Before Daniel Crespy and his colleagues finely emulsify the oily fluid in the aqueous solution by mixing it and using ultrasound, they add the components for the polymer capsules to it. The components only react to produce long chain molecules when the chemists trickle another chemical ingredient into the prepared emulsion, which dissolves in water and triggers the polymerisation precisely on the surface of the oil drops. “This is how we can encapsulate oily fluids in an aqueous environment,” says Daniel Crespy. However, despite sounding like a simple recipe, the finer details of process are actually very difficult to implement. During the polymerisation, the chemical milieu of the emulsion changes so that the drops of oil tend to aggregate and would normally accumulate on top of the water. “But we found a way of stabilising the emulsion,” says Crespy.

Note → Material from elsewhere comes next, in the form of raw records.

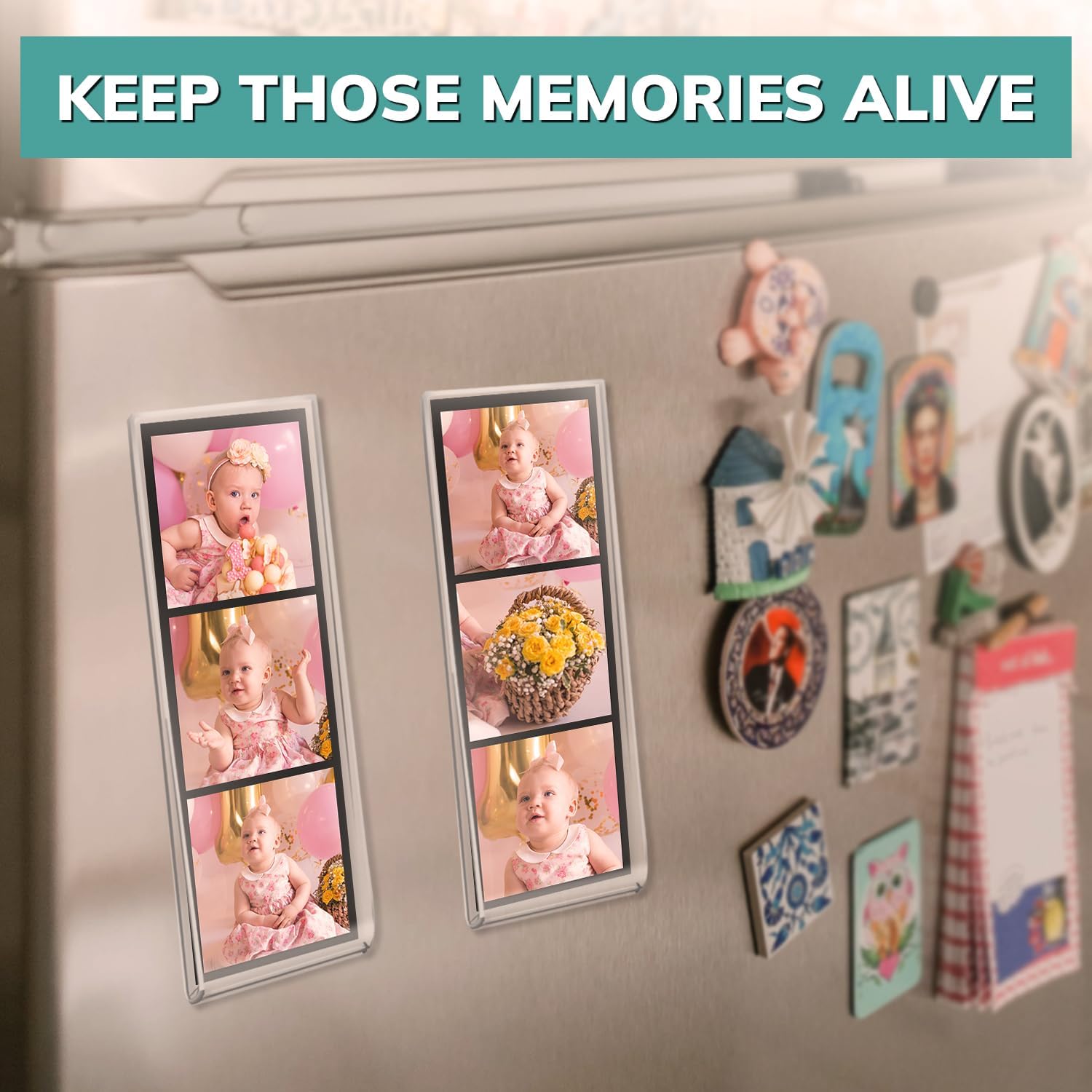 pbf PHOTO BOOTH FRAMES 2x6 Magnetic Picture Frames for Refrigerator | 2 x 6 Clear Magnetic Acrylic Frames for Photo Strips | Magnetic Photo Holders for Fridge, Locker, Sign Holder (100-Pack)
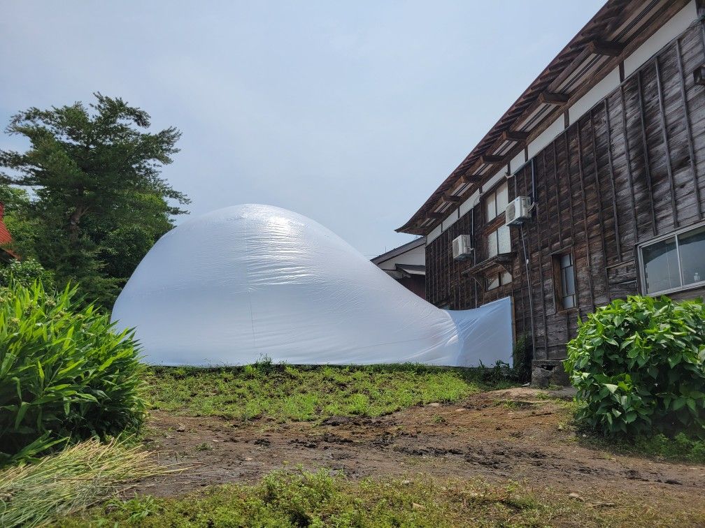 隣接する民家は、玄関から巨大な白い泡?フォトスポットとして大人気となっている清津峡渓谷トンネルの作品(2018年)を手がけたマ・ヤンソンの新作です。ガイド本を読むと「泡」なのだそうですが、漫画の吹き出しのようにも見えて、家が「寄ってけてー」と言ってるみたいで愉快でした。
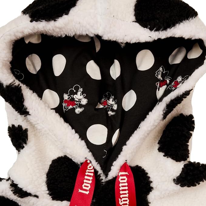 Stay cozy and stylish with the Loungefly Disney Minnie Rocks the Dots Sherpa Hoodie. Featuring Minnie Mouse's iconic bow strings and a black and white polka dot design, this hoodie combines fashion and comfort. Perfect for any Disney fan, this hoodie is a must-have for chilly days.
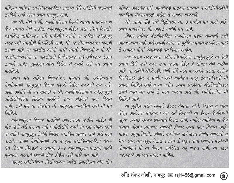 डॉ. हेडगेवारांच्या अनुपस्थितीत झालेले कार्यक्रम विशेष यशदायी व भव्य स्वरूपात घडून आले, त्याविषयी डॉक्टरांनी आपले मनोगत कसे व्यक्त केले? ओटीसी (संघ शिक्षा वर्गाचे) पूर्व परिपूर्ण नियोजन... या पत्रातून समजून घेऊ या...
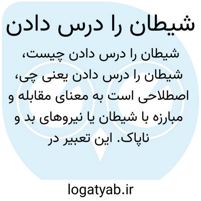 اصطلاحی است به معنای مقابله و مبارزه با شیطان یا نیروهای بد و ناپاک. این تعبیر در متون عرفانی و دینی اغلب به معنای آموزش دادن یا علم آموزی به کسی است که در جهت مقابله با اهریمن یا وسوسههای شیطانی گام برمیدارد.
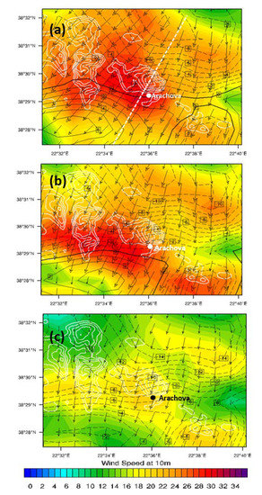 Earlier studies on the effects of asymmetric mountain slopes to the generation of downslope windstorms have shown that the mountain shape has a peculiar influence on gravity wave structure and that the wave drags are significantly enhanced for mountain ridges with gentle windward slopes and steeper lee slopes [29,30,31,32]. A steeper lee orography is also the case for Mt. Parnassos as can be seen by the topographic contour lines in Figure 4 and by the cross-section plots (e.g., Figure 6). The steeper lee slope acts as an additional enhancing factor to the windstorm force. Obviously, the flow domain is in fact more complex, especially at areas of cloud formation; however, our results are in line with the idealized theoretical concepts for the formation of lee gravity waves and downslopes. Favorable tuning between the critical layer height, mountain top heights and flow properties (wind speed and shear, stability) can result in partial reflection of waves towards the ground and generation of downslope winds [14,15,16]. Such conditions are evident in Figure 6a and Figure 7a where the abrupt wind shift at about 6–7 km acts as critical surface for wave reflection.
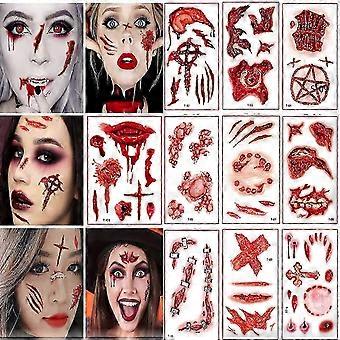 10 Sheets Halloween Tattoo Stickers, Realistic Terror Fake Bloody Wound Stitch Face Chest Scar Scab Waterproof for Halloween Masquerade Prank Makeup P
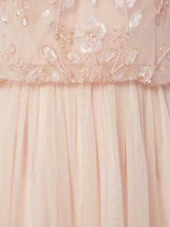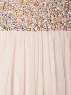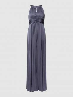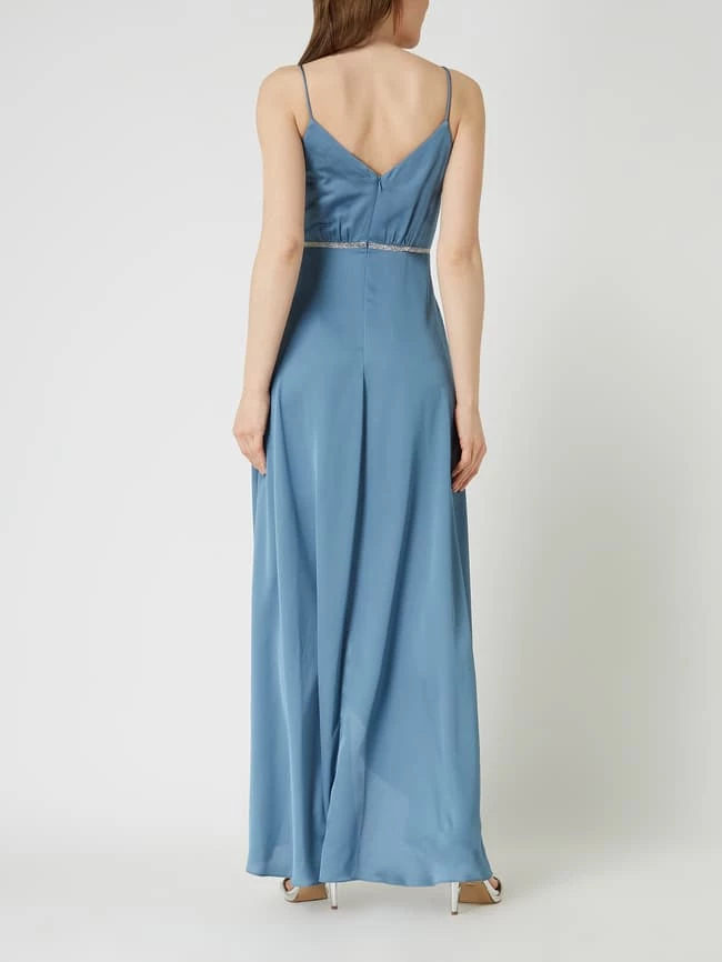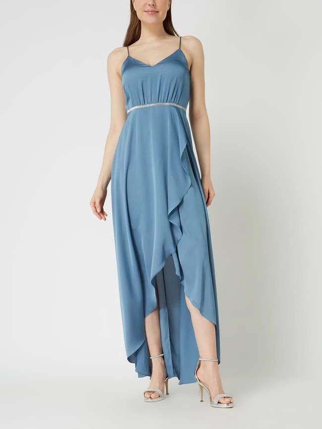 Das Abendkleid von Jake*s Cocktail ist aus Satin gefertigt und tailliert geschnitten. Es zeigt sich mit Spaghettiträgern, Strasssteinen und asymmetrischem Saum.

Moreover, it is not exactly easy to prove that the capsules only release the remedy for healing the defects in a coating when necessary. To this end, the researchers in Mainz had to isolate the capsules after each step, displace them with suitable solvents and examine them with the help of nuclear magnetic resonance spectroscopy, which provided information about the volumes of the substances contained in the capsules.

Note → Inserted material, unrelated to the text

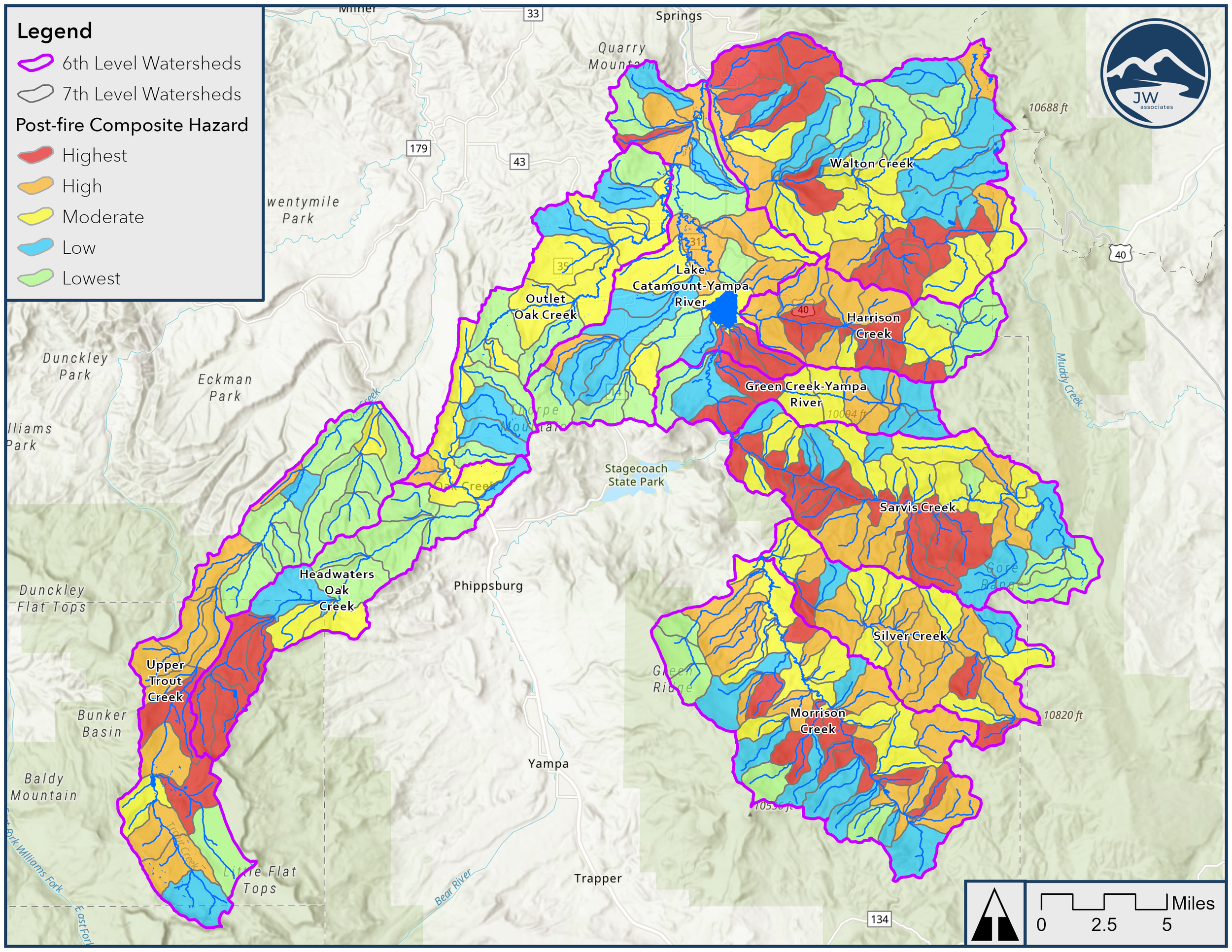 Post-fire debris flow hazards were estimated for all 7th level watersheds in the Steamboat Front WRAP project area. This information provides guidance for planning and mitigation of debris flow hazards in a post-fire scenario.

In the two recent studies, the team of researchers from Düsseldorf and Mainz endowed the nanocapsules with some of the functions that a self-healing corrosion coating would have to provide. “We now want to enclose the healing substances and the anticorrosion substances together in the same capsules,” says Crespy, as only both substances combined can provide comprehensive protection against the destruction caused by rust. Whereas the anticorrosion substances quickly stem the corrosion, like the initial halting of the blood flow in the case of injury, the healing substances restore the enduring anticorrosive effect of the coating. However, like a healing wound, they need more time to do their work. “Up to now, it has not been possible to encapsulate both substances under the same chemical conditions,” says Daniel Crespy. This is what he and his colleagues would like to achieve.

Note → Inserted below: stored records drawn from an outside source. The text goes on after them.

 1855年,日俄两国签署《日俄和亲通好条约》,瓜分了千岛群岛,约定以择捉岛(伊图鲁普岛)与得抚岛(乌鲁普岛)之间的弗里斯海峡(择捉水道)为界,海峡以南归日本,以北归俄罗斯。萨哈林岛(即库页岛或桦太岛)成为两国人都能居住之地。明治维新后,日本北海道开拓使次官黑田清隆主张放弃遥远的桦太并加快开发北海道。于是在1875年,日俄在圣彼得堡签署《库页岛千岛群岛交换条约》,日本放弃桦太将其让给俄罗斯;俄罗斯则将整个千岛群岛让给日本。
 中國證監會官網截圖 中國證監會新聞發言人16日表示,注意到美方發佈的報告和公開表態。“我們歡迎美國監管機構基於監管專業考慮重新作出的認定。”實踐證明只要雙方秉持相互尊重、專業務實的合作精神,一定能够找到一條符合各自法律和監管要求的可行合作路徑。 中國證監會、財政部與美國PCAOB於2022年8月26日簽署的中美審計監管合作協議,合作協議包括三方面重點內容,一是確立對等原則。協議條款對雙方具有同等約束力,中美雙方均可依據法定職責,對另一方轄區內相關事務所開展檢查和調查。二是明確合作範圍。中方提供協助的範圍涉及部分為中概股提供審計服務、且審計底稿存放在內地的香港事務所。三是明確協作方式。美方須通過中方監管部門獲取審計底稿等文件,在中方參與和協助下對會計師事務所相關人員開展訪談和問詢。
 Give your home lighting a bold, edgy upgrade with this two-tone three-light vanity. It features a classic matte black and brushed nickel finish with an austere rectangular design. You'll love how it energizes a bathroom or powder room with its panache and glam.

Michael Rohwerder has also identified two further challenges that must still be overcome before the self-healing anticorrosion system is complete. “First, we must identify inhibiting substances which are as effective, for example, as chromates,” says the scientist. Chromates still set the standard in terms of anticorrosion coatings at present; however, they are being banned in an increasing number of applications due to their toxicity. “Second, we must ensure that the healing substances reach a defect faster and in greater quantities,” says Rohwerder. Up to now, they have been held back by the fact that they are not very water-soluble; corrosion, however, only occurs when a defect is exposed to water. If the researchers succeed in making progress on these issues, it is entirely possible that metal coatings will be the equal of living skin when it comes to powers of self-healing.